DATASET:
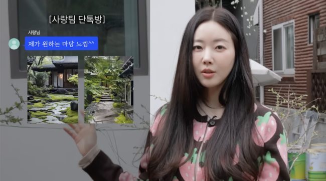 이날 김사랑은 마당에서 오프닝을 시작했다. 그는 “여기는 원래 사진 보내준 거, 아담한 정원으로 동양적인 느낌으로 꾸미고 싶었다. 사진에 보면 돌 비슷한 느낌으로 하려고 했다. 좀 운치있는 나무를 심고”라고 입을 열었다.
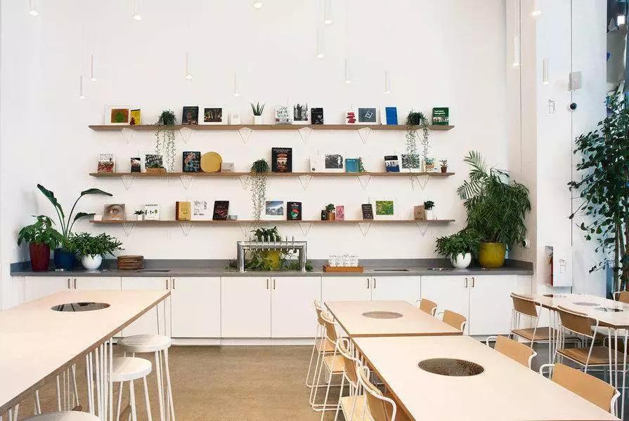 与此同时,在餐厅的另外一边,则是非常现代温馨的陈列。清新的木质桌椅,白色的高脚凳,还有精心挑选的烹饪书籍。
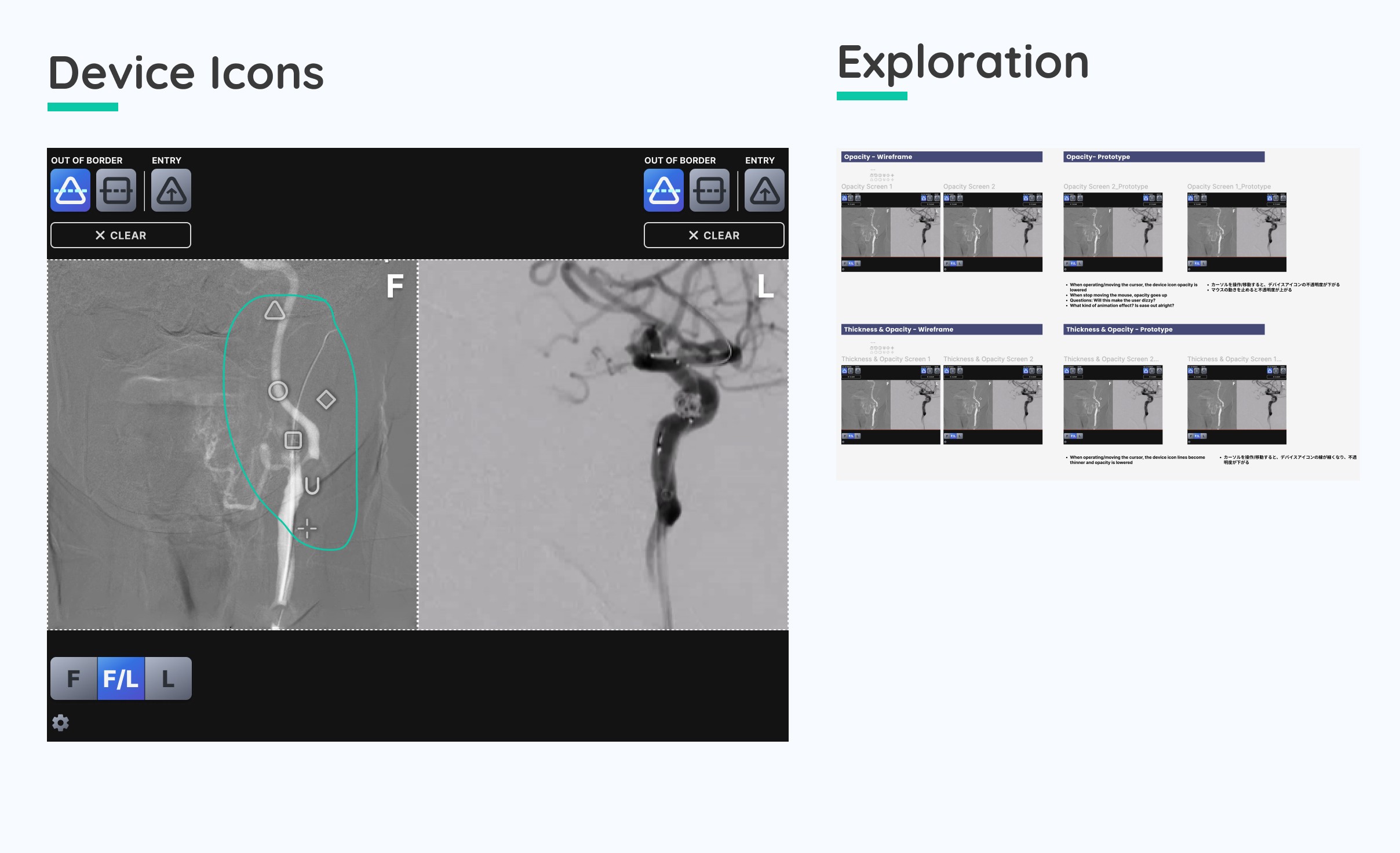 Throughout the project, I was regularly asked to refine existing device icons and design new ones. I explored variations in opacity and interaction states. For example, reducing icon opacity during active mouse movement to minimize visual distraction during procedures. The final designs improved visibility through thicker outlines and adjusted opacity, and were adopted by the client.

==

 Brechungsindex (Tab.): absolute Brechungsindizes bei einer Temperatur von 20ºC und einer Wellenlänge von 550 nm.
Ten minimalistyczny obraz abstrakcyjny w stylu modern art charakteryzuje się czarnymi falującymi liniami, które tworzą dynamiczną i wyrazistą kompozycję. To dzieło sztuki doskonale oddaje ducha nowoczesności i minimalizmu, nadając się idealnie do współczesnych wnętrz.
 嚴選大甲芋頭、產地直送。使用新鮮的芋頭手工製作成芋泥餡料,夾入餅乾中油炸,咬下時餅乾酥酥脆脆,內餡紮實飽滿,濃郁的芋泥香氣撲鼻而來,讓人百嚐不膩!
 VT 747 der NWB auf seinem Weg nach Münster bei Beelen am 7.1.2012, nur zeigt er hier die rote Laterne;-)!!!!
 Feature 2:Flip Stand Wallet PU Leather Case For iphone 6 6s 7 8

---

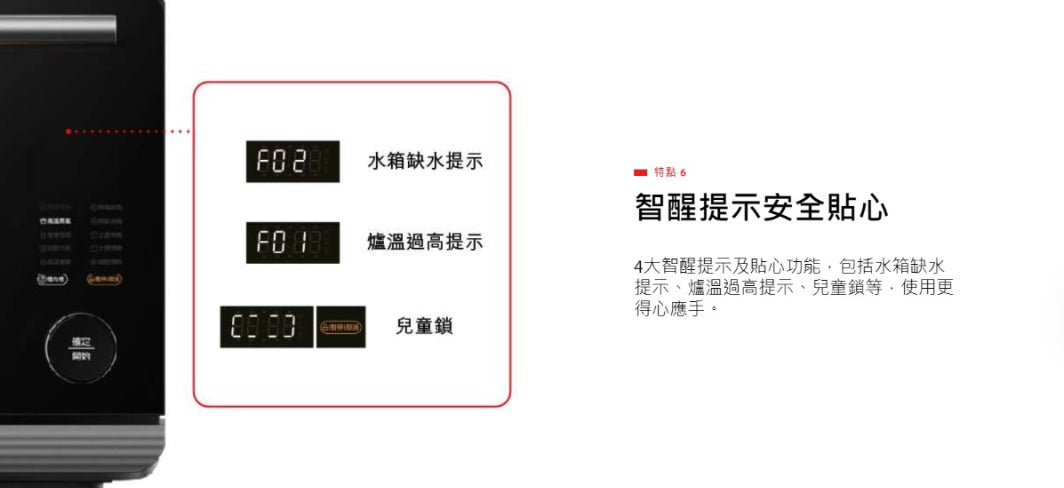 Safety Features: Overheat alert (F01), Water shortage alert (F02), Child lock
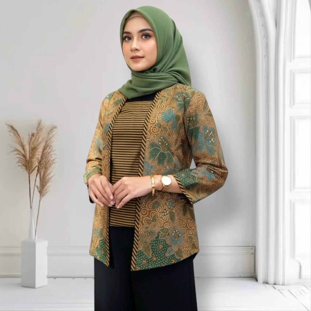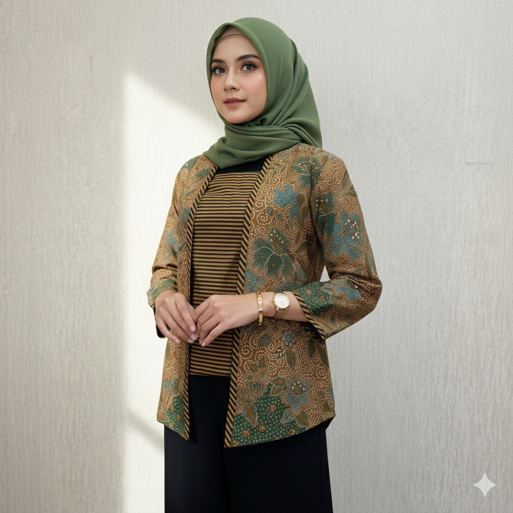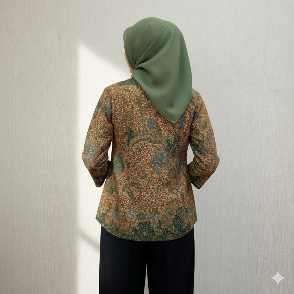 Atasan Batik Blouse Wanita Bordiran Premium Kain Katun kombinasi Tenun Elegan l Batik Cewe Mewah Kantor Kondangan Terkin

WHAT THE TASK REQUIRES:
Starting with the line above that holds "이날 김사랑은 마당에서", restate each line word for word up to and including the line that holds "Throughout the project, I". Drop the pictures.

FINISHED EXERCISE:
 이날 김사랑은 마당에서 오프닝을 시작했다. 그는 “여기는 원래 사진 보내준 거, 아담한 정원으로 동양적인 느낌으로 꾸미고 싶었다. 사진에 보면 돌 비슷한 느낌으로 하려고 했다. 좀 운치있는 나무를 심고”라고 입을 열었다.
 与此同时,在餐厅的另外一边,则是非常现代温馨的陈列。清新的木质桌椅,白色的高脚凳,还有精心挑选的烹饪书籍。
 Throughout the project, I was regularly asked to refine existing device icons and design new ones. I explored variations in opacity and interaction states. For example, reducing icon opacity during active mouse movement to minimize visual distraction during procedures. The final designs improved visibility through thicker outlines and adjusted opacity, and were adopted by the client.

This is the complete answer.